Эркин понимал, что подначивают и заводят, но слова Ряхи о перьях довели его до нужного для ругани состояния.
— А пошёл ты…!
Андрей, бывало, выражался и похлеще, да и не было всё-таки у Эркина нужной злобы, но и сказанное привело остальных в уважительное замешательство.
— Да-а, — первым пришёл в тебя Колька. — Да, Ряха, тебе до такого расти и расти.
— Да уж, куда тебе до Мороза.
— По всем параметрам, — хмыкнул Саныч.
За разговором дошли до бытовки и стали переодеваться. Ни о каком пиве сегодня и речи не было. Какое пиво, когда после праздников?!
Эркин шёл домой вместе с Миняем, под неспешный разговор о житейских делах. Что за праздники подъели и теперь надо бы картошки прикупить.
— Вот всем дом хорош, а погреба стоящего нет. Ты где картошку держишь?
— В кладовке.
— Тепло там, — вздохнул Миняй. — А на лоджии этой замёрзнет она. А мороженную её куда? На тошнотики только.
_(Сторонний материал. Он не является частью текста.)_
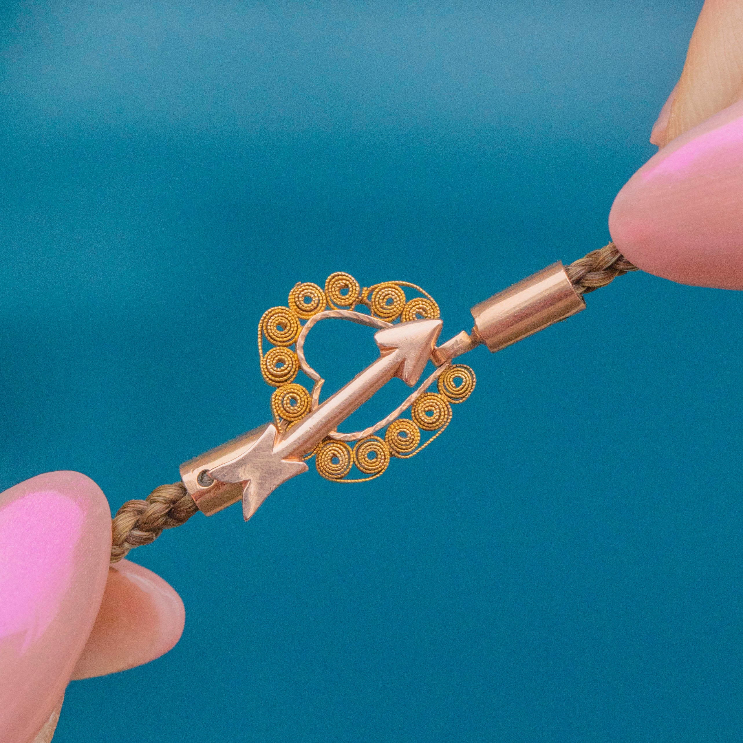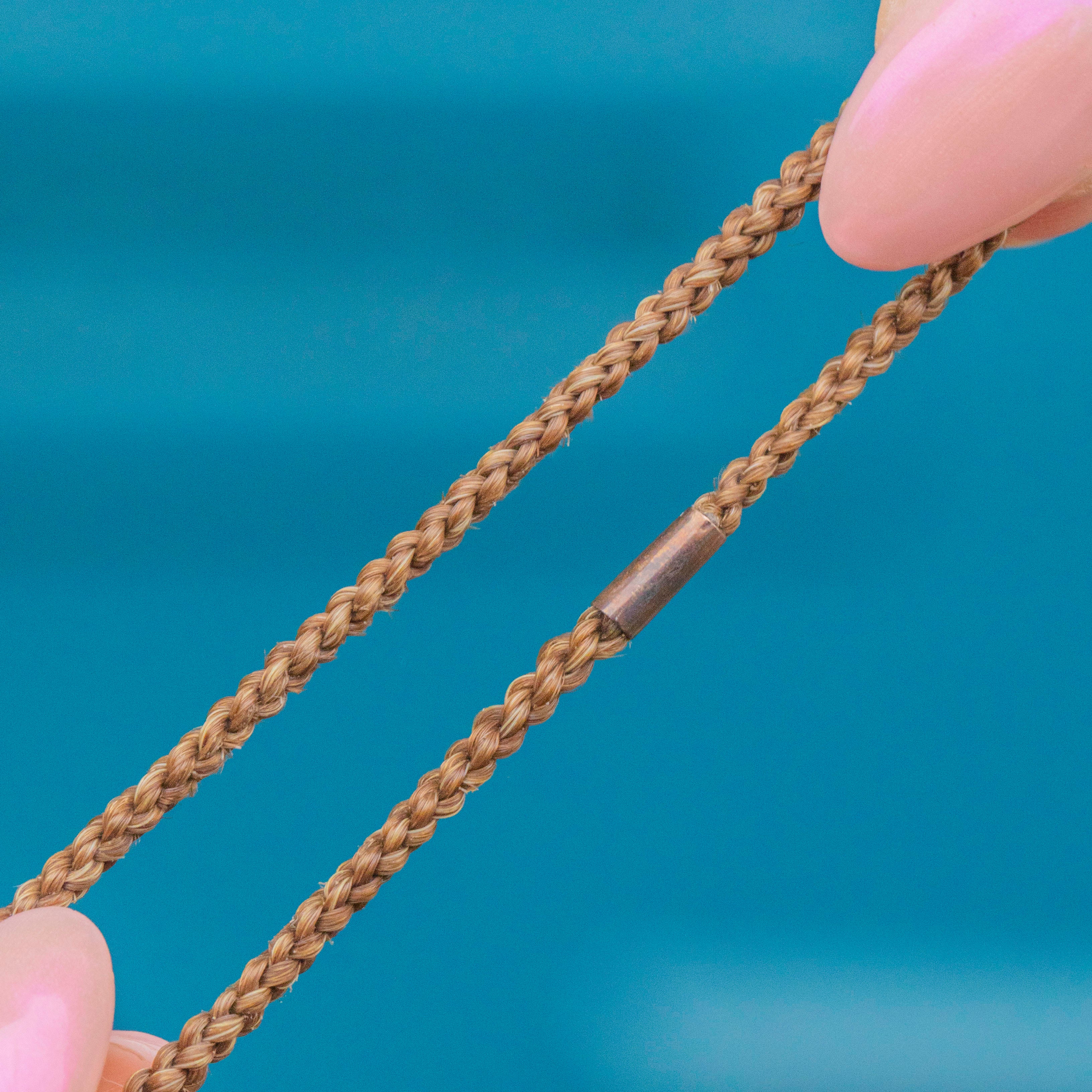 This Victorian mourning hair necklace, with a 15ct Gold locket, is one of our most historic treasures! Entirely crafted from woven brunette hair, this antique necklace is complete with a unique pierced heart clasp and locket.

— А это что? — удивился Эркин.
— Не знаешь? — удивился его удивлению Миняй. — Ну… ну, как оладьи, что ли. Из хорошей когда, так это драники, моя их делает, так мисками улетают, за уши никого не оттащишь. А из промёрзлой… — он даже рукой махнул. — Ну, да чего поминать. Вот голову всё ломаю, как бы на лоджии погреб соорудить.
— На кухонной? Мы там мясо держим, хорошо лежит.
— Так это морозно пока, а летом?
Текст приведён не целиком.